I used Excel's IRR function (internal rate of return) to get an approximation, but that function requires that the transactions be equally spaced apart. So I have more work to do.
But darn it, I'm sure I'm not the only one that has this question when examining a prospective TIP.
Then the accrued interest thing - the concept is simple: The previous owner owned the bond for the 20 days since the 10/15/22 interest payment (20 days between 10/15/22 and 11/4/22), but I, the new owner, gets the next interest payment, due 4/15/23, in its entirety and the previous owner gets nothing.
So the accrued interest thing is something I pay for 20 days of interest to compensate the previous owner.
SOME SMALL DETAILS
I'm buying much more than $10,000, but I'm showing the above table in units of $10,000. A bond is actually $1,000 face value but one must buy a minimum of say 60 of those for a minimum purchase of $60,000.

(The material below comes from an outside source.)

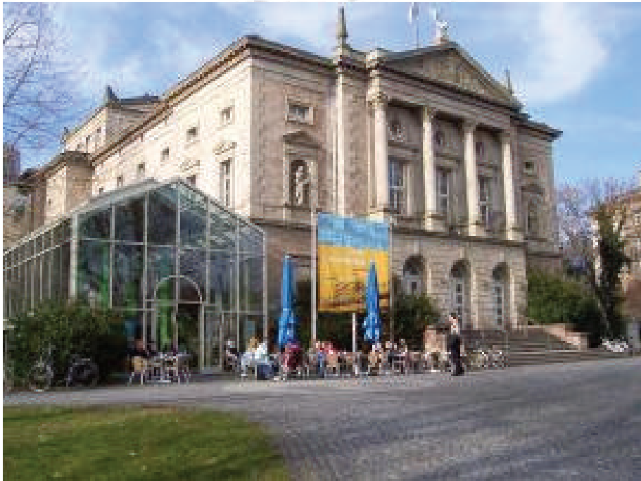
Gastronomie & Veranstaltungen in Theaterambiente

Probably will add some more in this section, but can't think of anything to add right now.
From Schwab, 10/20/22:
https://www.schwab.com/learn/story/treasury-inflation-protected-securities-faqs-about-tips
How can I compare TIPS to traditional Treasuries
Breakeven inflation rates. The breakeven rate is the difference between the yield of a nominal Treasury and the yield of a TIPS with a similar maturity. For TIPS investors, the breakeven rate can be considered a hurdle rateit's what inflation would need to average over the life of the TIPS for it to outperform the nominal Treasury.
Breakeven rates are well off their recent highs. At 2.5%, the five-year TIPS breakeven rate is well off its recent high of 3.7% hit the past March. If the CPI were to average more than 2.5% over the next five years, the five-year TIPS would outperform a five-year nominal Treasury. (Likewise, if inflation averaged less than 2.5%, the nominal Treasury would outperform.) TIPS breakeven rates are relatively low given the high current rate of inflation ((meaning that TIPS are a good deal relative to regular treasuries at this point in time -Progree))
The above is all very fine and wonderful and all that, and it gives me a warm and fuzzy feeling, but it doesn't tell me what the rate of return is of a particular TIP on the secondary market.